§ What is being asked
Restate the listing below word for word, omitting any images.
= Beginning of Section =
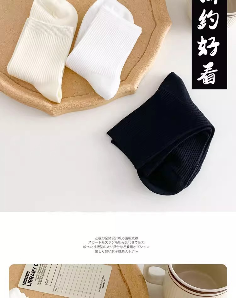 화이트 양말 여자 미드 배럴 Ins 트렌디 올매치 한국식 솔리드 컬러 파일 양말 Jk 일본식 귀여운 스타킹 학술 스타일스토어 가기
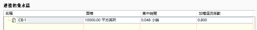 如果沒有任何集水區連接到該結構,您可直接在「面積」、「集中時間」和「加權逕流係數」欄位中,輸入集水區值。
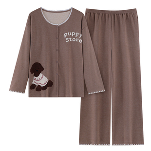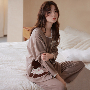 纯色全棉大码 猫人纯棉睡衣女春秋款 套装 长袖 宽松家居服 带胸垫开衫
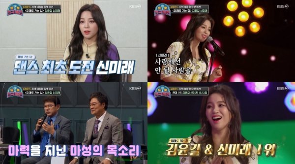 유니크한 음색과 수준급 안무 실력으로 모두를 사로잡은 신미래는 경상 감독 설운도에게 “심수봉 씨 목소리와 주현미 씨 목소리가 나는 것 같다. 사람을 끌어들이는 마력을 지닌 가수이자 가요계에 필요한 인재”라는 칭찬을 받았다.
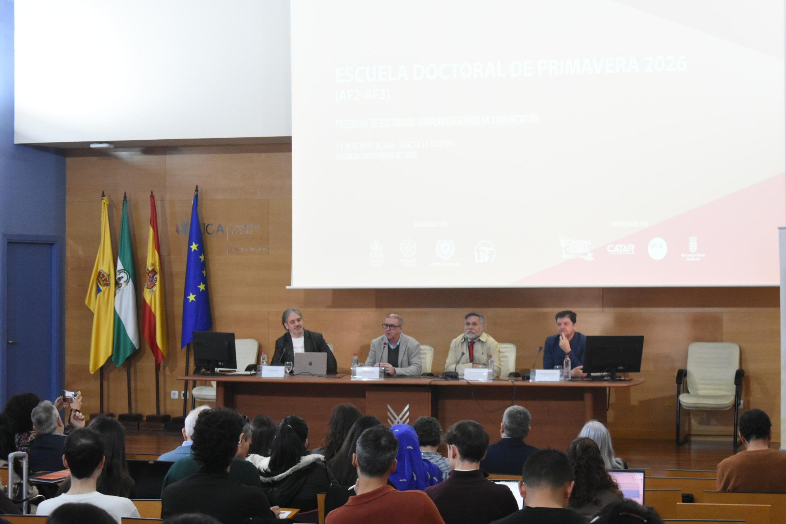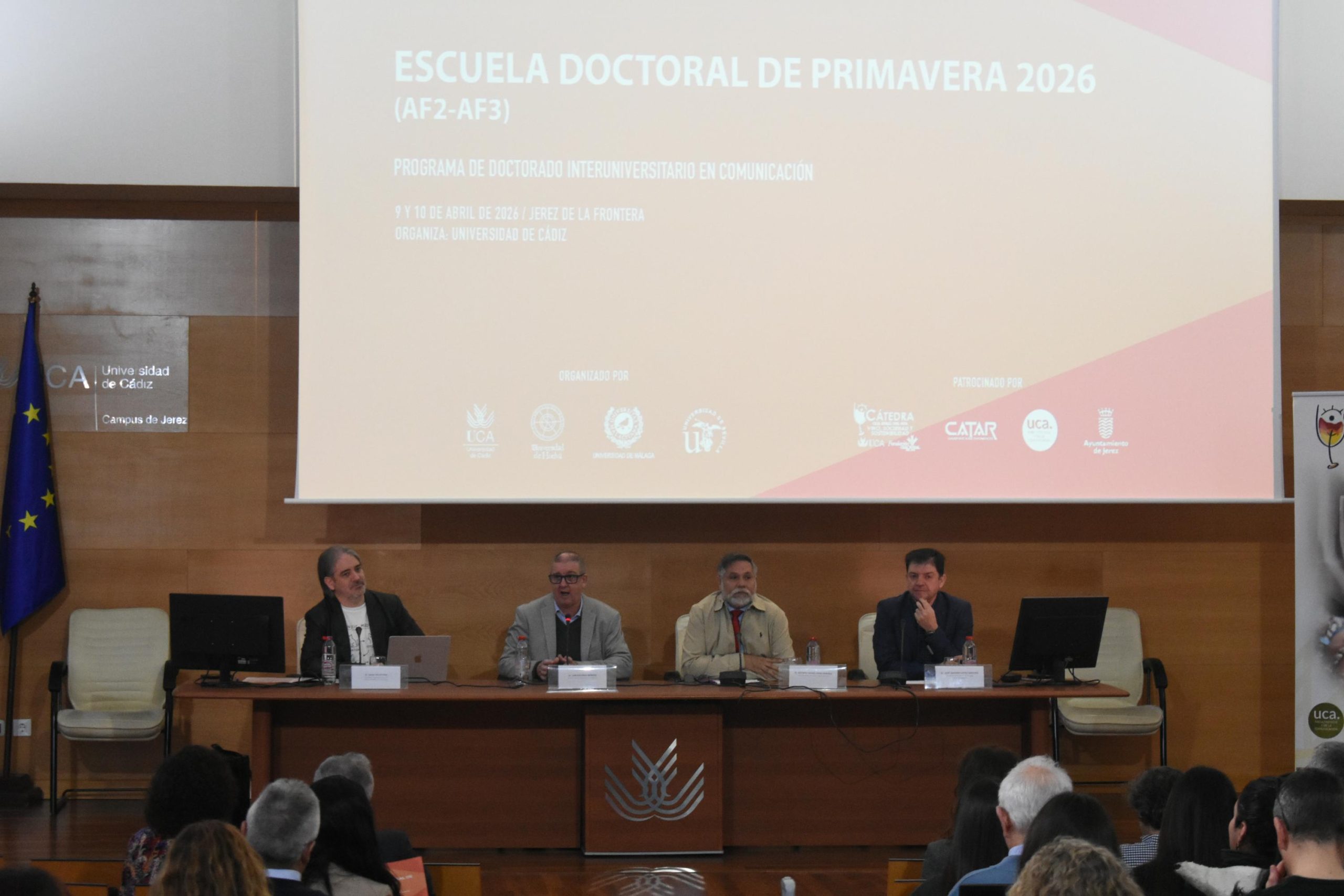 La Universidad de Cádiz ha celebrado este jueves la primera jornada de la Escuela Doctoral de Primavera 2026, una actividad formativa organizada por el Programa de Doctorado Interuniversitario en Comunicación en la que se han inscrito más de 130 doctorandos de este campo de conocimiento. Este encuentro, que tendrá lugar hasta este viernes en el Campus de Jerez, abordará temas como la incidencia del afecto, la cultura o las normas sociales en el uso cotidiano de los medios digitales o la desinformación y la comunicación política en la era de la Inteligencia Artificial.
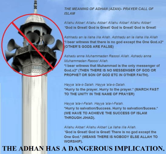 Beside noise pollution and disturbance to patients, students and elderly people; the phrase used in the Azaan five times, “There is no god but Allah” so announced loudly is highly offensive to beliefs of plurality in Hinduism.
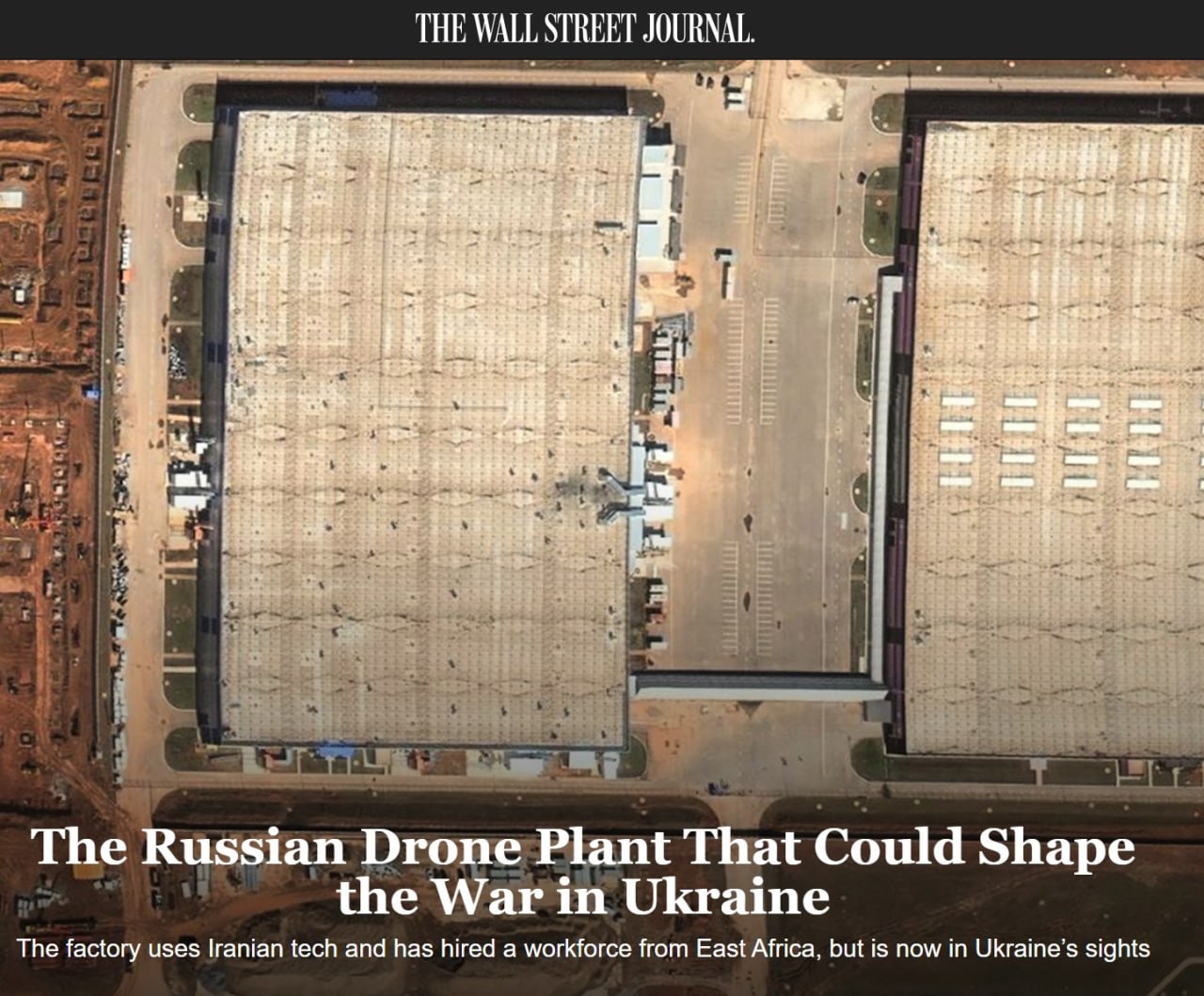 Завод использует иранские технологии и нанял рабочих из Восточной Африки. Теперь он планирует выпускать 6000 ударных БПЛА Shahed в год, пишет Wall Street Journal.
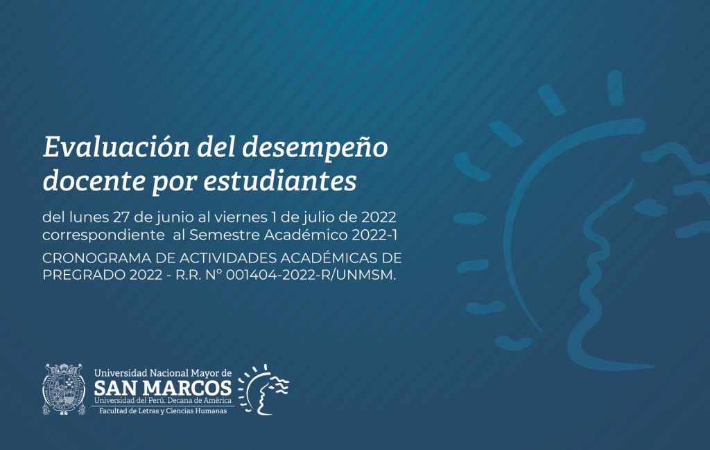 Los estudiantes deben ingresar a su cuenta del SUM y responder la Evaluación del desempeño docente por estudiantes, del lunes 27 de junio al viernes 1 de julio de 2022, correspondiente al Semestre Académico 2022-1, de acuerdo al CRONOGRAMA DE ACTIVIDADES ACADÉMICAS DE PREGRADO 2022 – R.R. Nº 001404-2022-R/UNMSM.
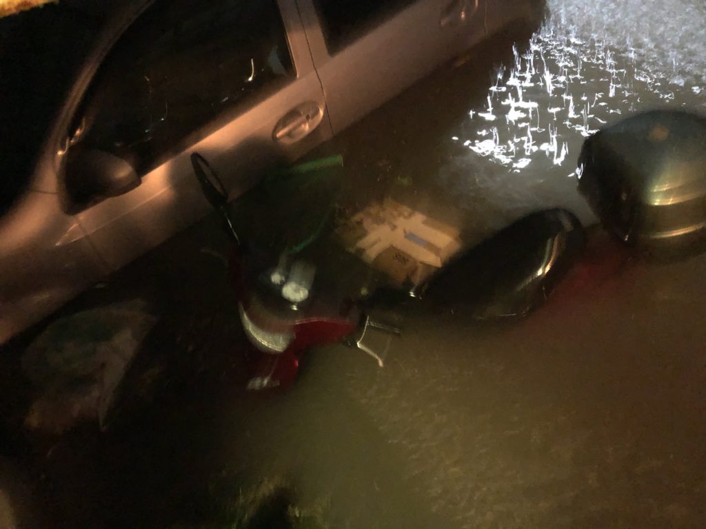 ウチは静岡市葵区ですが、その猛烈な雨のせいで写真のような状態です。ちょうどピークくらいで、水深1mくらいでしょうか。この後、雨が弱まって水位が下がり始めました。
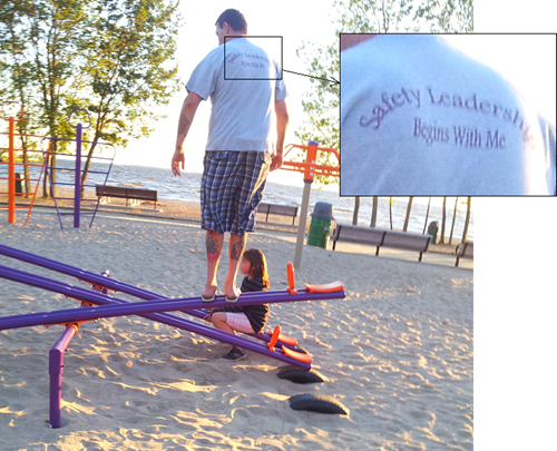This guy was at the park tonight, teaching his kids (and all the other kids who were watching) how to balance on a teeter totter like so. The irony was not lost on me - I couldn't resist taking a picture.
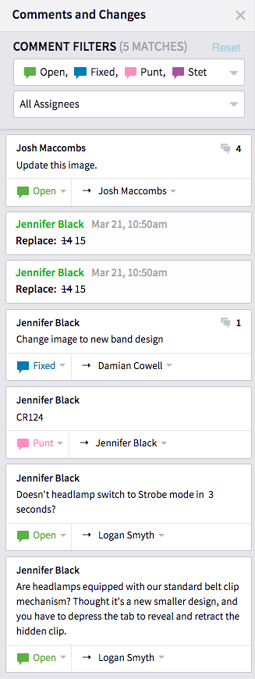 The image shows the difference between change messages and comments. In the example, the change messages are marked with the team member's name, Jennifer Black, in green.
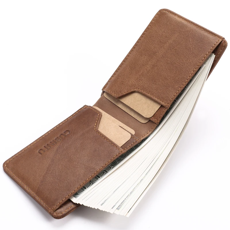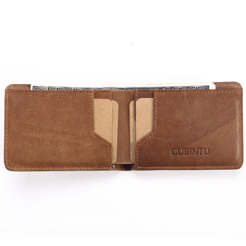 Тонкий двойной кошелек GUBINTU с рчид-блокировкой, винтажный тонкий бумажник с зажимом для денег и защитой карт, Карманный Кошелек для мужчин
= End of Section =
§ Result for this exercise
 화이트 양말 여자 미드 배럴 Ins 트렌디 올매치 한국식 솔리드 컬러 파일 양말 Jk 일본식 귀여운 스타킹 학술 스타일스토어 가기
 如果沒有任何集水區連接到該結構,您可直接在「面積」、「集中時間」和「加權逕流係數」欄位中,輸入集水區值。
 纯色全棉大码 猫人纯棉睡衣女春秋款 套装 长袖 宽松家居服 带胸垫开衫
 유니크한 음색과 수준급 안무 실력으로 모두를 사로잡은 신미래는 경상 감독 설운도에게 “심수봉 씨 목소리와 주현미 씨 목소리가 나는 것 같다. 사람을 끌어들이는 마력을 지닌 가수이자 가요계에 필요한 인재”라는 칭찬을 받았다.
 La Universidad de Cádiz ha celebrado este jueves la primera jornada de la Escuela Doctoral de Primavera 2026, una actividad formativa organizada por el Programa de Doctorado Interuniversitario en Comunicación en la que se han inscrito más de 130 doctorandos de este campo de conocimiento. Este encuentro, que tendrá lugar hasta este viernes en el Campus de Jerez, abordará temas como la incidencia del afecto, la cultura o las normas sociales en el uso cotidiano de los medios digitales o la desinformación y la comunicación política en la era de la Inteligencia Artificial.
 Beside noise pollution and disturbance to patients, students and elderly people; the phrase used in the Azaan five times, “There is no god but Allah” so announced loudly is highly offensive to beliefs of plurality in Hinduism.
 Завод использует иранские технологии и нанял рабочих из Восточной Африки. Теперь он планирует выпускать 6000 ударных БПЛА Shahed в год, пишет Wall Street Journal.
 Los estudiantes deben ingresar a su cuenta del SUM y responder la Evaluación del desempeño docente por estudiantes, del lunes 27 de junio al viernes 1 de julio de 2022, correspondiente al Semestre Académico 2022-1, de acuerdo al CRONOGRAMA DE ACTIVIDADES ACADÉMICAS DE PREGRADO 2022 – R.R. Nº 001404-2022-R/UNMSM.
 ウチは静岡市葵区ですが、その猛烈な雨のせいで写真のような状態です。ちょうどピークくらいで、水深1mくらいでしょうか。この後、雨が弱まって水位が下がり始めました。
This guy was at the park tonight, teaching his kids (and all the other kids who were watching) how to balance on a teeter totter like so. The irony was not lost on me - I couldn't resist taking a picture.
 The image shows the difference between change messages and comments. In the example, the change messages are marked with the team member's name, Jennifer Black, in green.
 Тонкий двойной кошелек GUBINTU с рчид-блокировкой, винтажный тонкий бумажник с зажимом для денег и защитой карт, Карманный Кошелек для мужчин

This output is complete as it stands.